A radioecological study has been launched in 1997 to perform a realistic assessment of radiation doses received by the population aged 0 to 24 years who lived in the vicinity of the La Hague nuclear reprocessing plant (Nord-Cotentin, France), and to estimate the associated risk of leukaemia between 1978 and 1996. The Working Group in charge of the study included representatives of French radiation protection institutes, nuclear operators, members of environmental organisations and international experts. The methodology retained developed three steps: reconstruction of a fictive cohort of individuals aged 0 to 24 years, residing in the 'canton of Beaumont-Hague' (a French administrative district corresponding approximately to a 10 km radius area around the La Hague plant) between 1978 and 1966. Reconstruction of radiation exposures and doses due to releases from local nuclear installations and from other sources (natural, medical, the Chernobyl accident and fallout from nuclear weapons testing).
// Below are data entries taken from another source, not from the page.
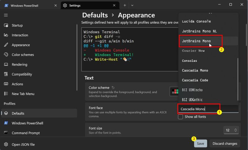 Windows ターミナルで特定のプロファイル/シェルのデフォルト フォントを変更する手順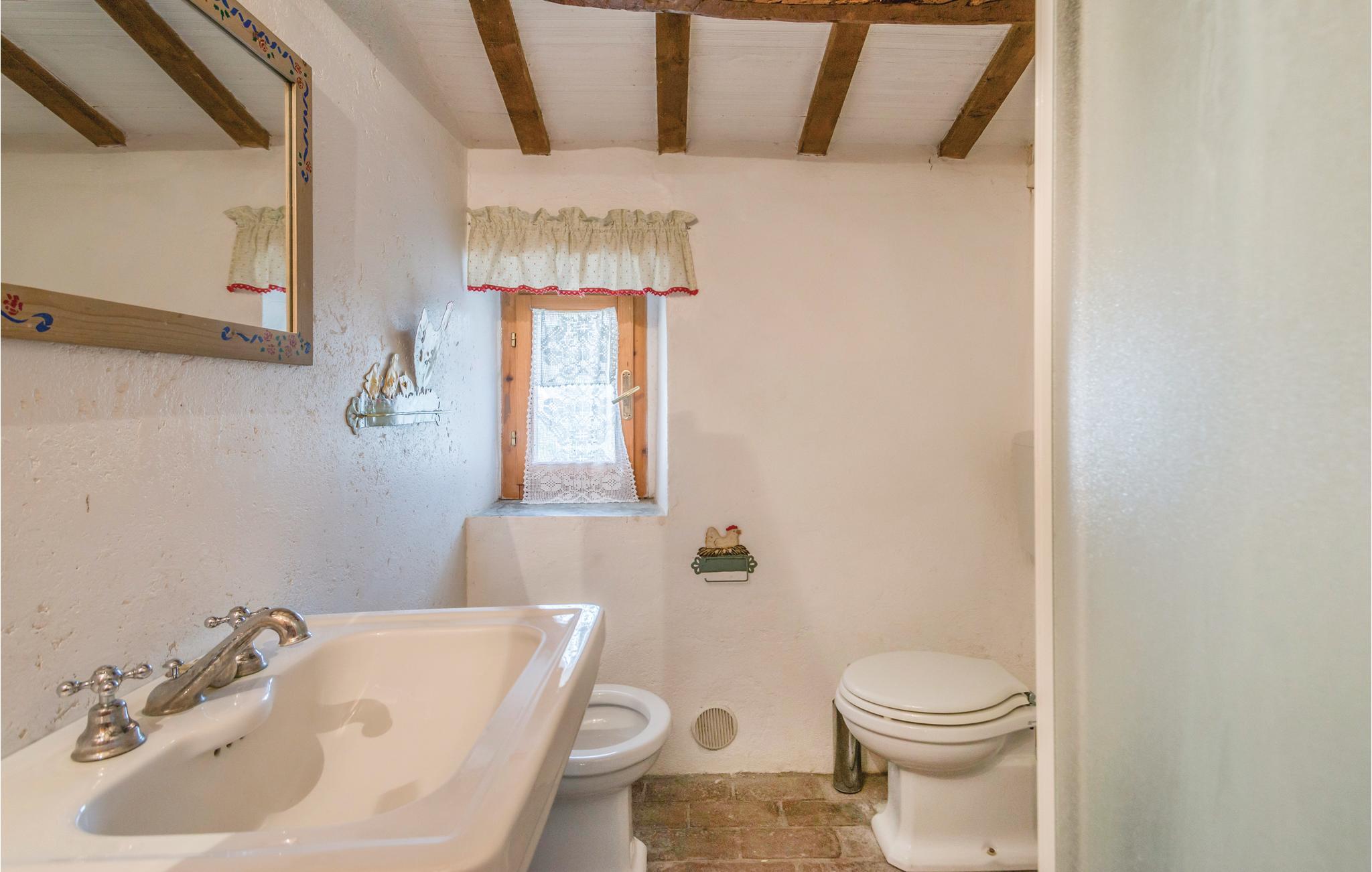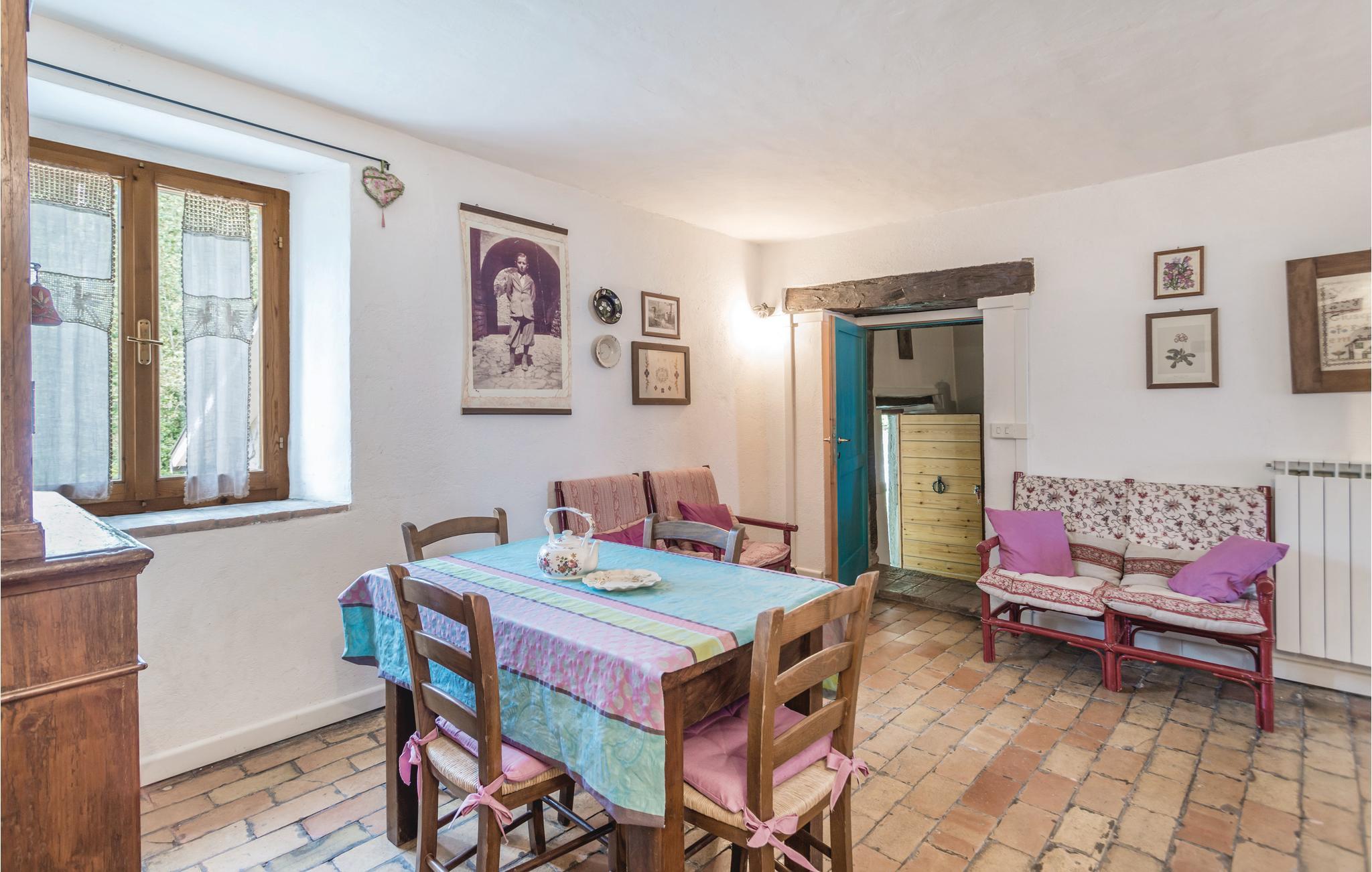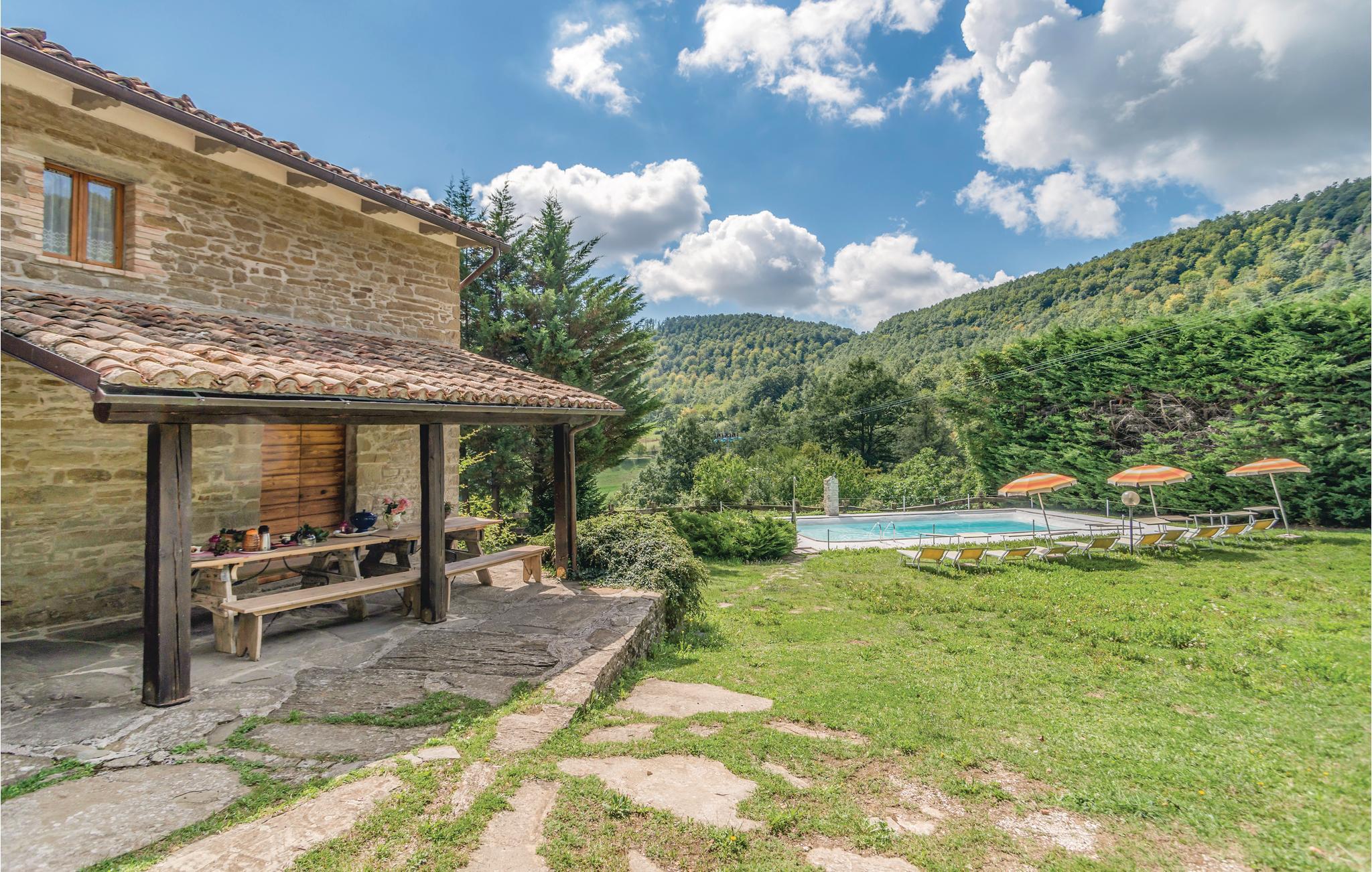 Denne store bondegård er bygget i egnstypisk stil, som blevet bevaret under renoveringen. Den ligger midt i det bjergrige umbriske område Appenninerne (700 m over havets overflade). Der er en fantastisk panoramaudsigt over det omkringliggende landskab, der er prydet af bjerge. På gårdens store grund er der en stort møbleret udendørs-areal, og en lille skov, man kan gå ture i. Ved siden af huset ligger der en swimmingpool. Huset egner sig især for børnefamilier eller mindre grupper, der gerne vil holde ferie sammen, tæt på naturen. De gæstfrie ejere ejer et rekreationscenter (spa, swimmingpool, fitness), der ligger ca. 20 km væk. Huset er på flere etager, og har flere indgange. I stueplan er der to stuer en suite, det ene med pejs fra det 15. århundrede, og det andet med tv. Adgang til en lille terrasse der er oplagt at spise morgenmad på, spisestue (adgang udefra), ved siden af rummeligt køkken (stort køleskab, ovn, gasgrill, fryser og opvaskemaskine). 2 soveværelser med dobbeltsenge (det ene med udgang til overdækket terrasse), 1 soveværelse med to enkeltsenge, 2 soveværelser med etagesenge, 1 badeværelser med brusebad, samt et wc der ligger ved siden af poolen. Høj stue (parterre) med adgang udefra: 1 soveværelse med dobbeltseng, 1 badeværelse med brusebad, 4 trin op, under et skråtag: gennemgangsrum med sofa og bord, 1 soveværelser med dobbeltseng (loftshøjde 2, 2,5 m). wc, to badeværelser med brusebad. I lille tårn: skønt soveværelse med dobbeltseng samt med enkeltseng (godt til unge mennesker). Enkel men godt gennemtænkt indrettet. Barneseng og stol på forespørgsel. Afstande: ca. 45 km universitetsbyen Urbino, en af mest interessante byer i Marken, samt samme afstand til Gubbio som regnes som den skønneste by i Umbrien. Andre afstande: Città di Castello 27 km, Arezzo 60 km, adriaterhavskystens skønneste sandstrande (Fano) 70 km (gode forbindelser). Forretninger af alle slags, tennisbane og supermarked 2 km, i 5 km omkreds mange pizzeriaer og forretninger.
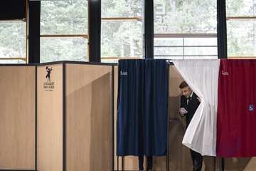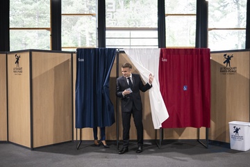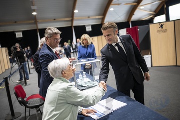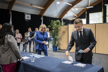 Emmanuel Macron, Prezydent Republiki Francuskiej i Pierwsza Dama Brigitte Macron, głosują za drugą turą wyborów legislacyjnych w Le Touquet” 29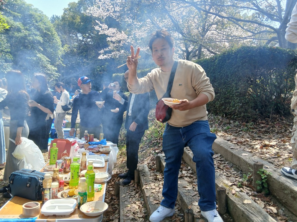 今年のお花見🌸もあの伝説の男(YONEX MAN) ㊟昨年のお花見ブログを参照ください)が登場するのか、事務所では密かに期待されていたのですが、どうやら負傷中らしく😭現れず、若者たちがバドミントンを楽しむ光景がありました。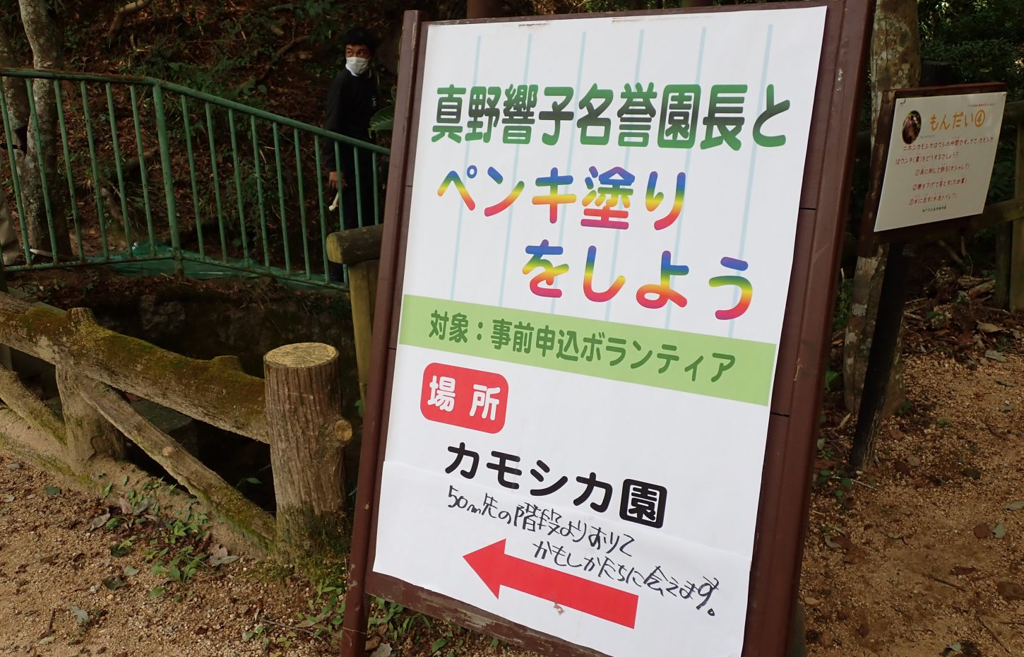 たくさんのお客さんがペンキ塗り作業をしているので、カモシカのカモン君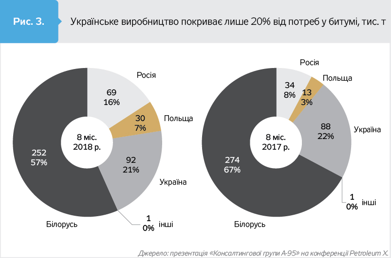 Українські дороги будують переважно з білоруського і російського бітуму. При цьому поставки з Росії в поточному році зросли удвічі, незважаючи на 10-відсоткове мито. Якщо 2010-го українські НПЗ забезпечили 87% поставок бітуму, то у 2017–2018 роках - трохи більш як 20%.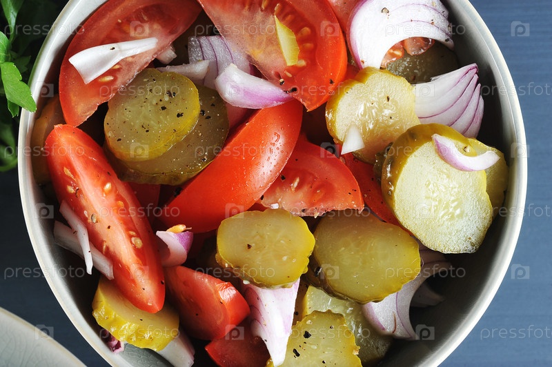 Салат-закуска с помидорами, солеными огурцами и луком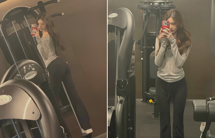 회색 롱 슬리브 상의와 검은색 부츠컷 레깅스를 매치한 장원영은 화려한 장식 없이도 탄탄한 보디라인과 남다른 비율을 선보였다.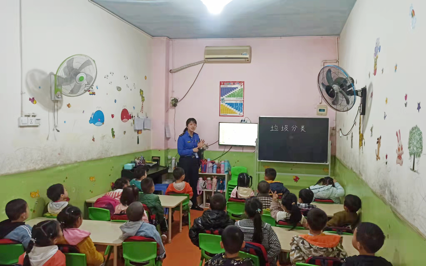 为增强小朋友环保意识,实现“教育一个孩子,带动一个家庭,影响一个小区,文明整个社会”,4月6日,广安市岳池县城市管理综合执法大队巾帼志愿服务队走进成果幼儿园“环保小课堂”,开展“垃圾分类我先行”环保宣传主题课。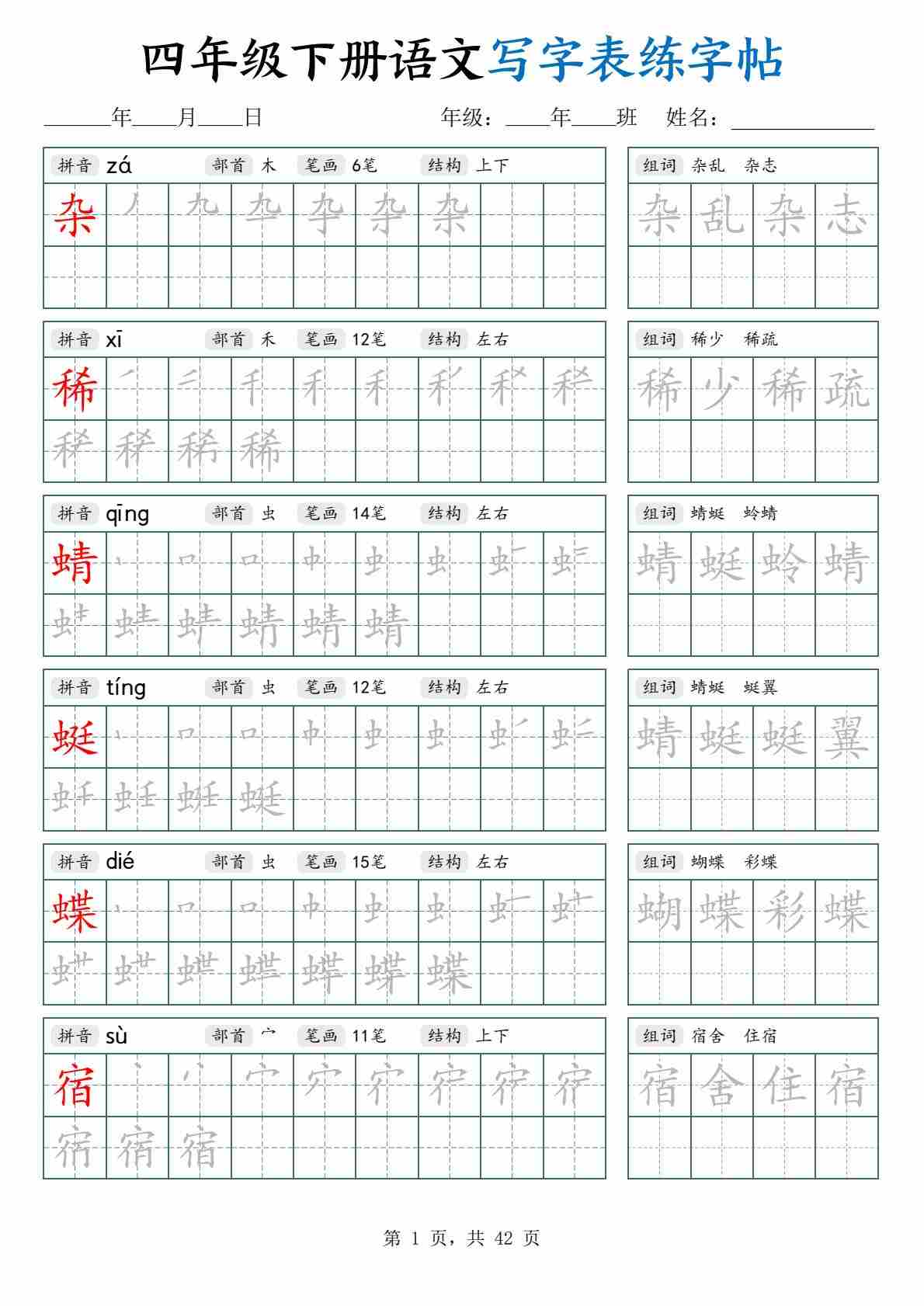 四下语文写字表练字帖(生字拼音笔顺组词)42页

Estimation of the radiation-induced risk of leukaemia attributable to these doses. The reconstructed cohort included 6656 individuals born between 1954 and 1996, who lived in the study area for at least one year between 1978 and 1996 before the age of 25. The number of person-years between 1978 and 1996 is 69 308. On the basis of the calculated doses, the estimated number of radiation-induced leukaemia attributable to releases from local nuclear installations was less than 0.002 for the period 1978-1996. This result constitutes a best estimate of the risk of radiation-induced leukaemia among young people in the canton of Beaumont-Hague. Nevertheless, this estimation must be interpreted in the light of the limits inherent to the risk assessment process and some participants of the Working Group expressed some reservations. The estimated number of radiation-induced leukaemia attributable to local nuclear installations is low in comparison to the 4 cases of leukaemia observed by epidemiological studies during the same period. It is therefore very unlikely that releases from local nuclear installations could notably explain the high incidence of leukaemia observed among young people in the canton of Beaumont-Hague.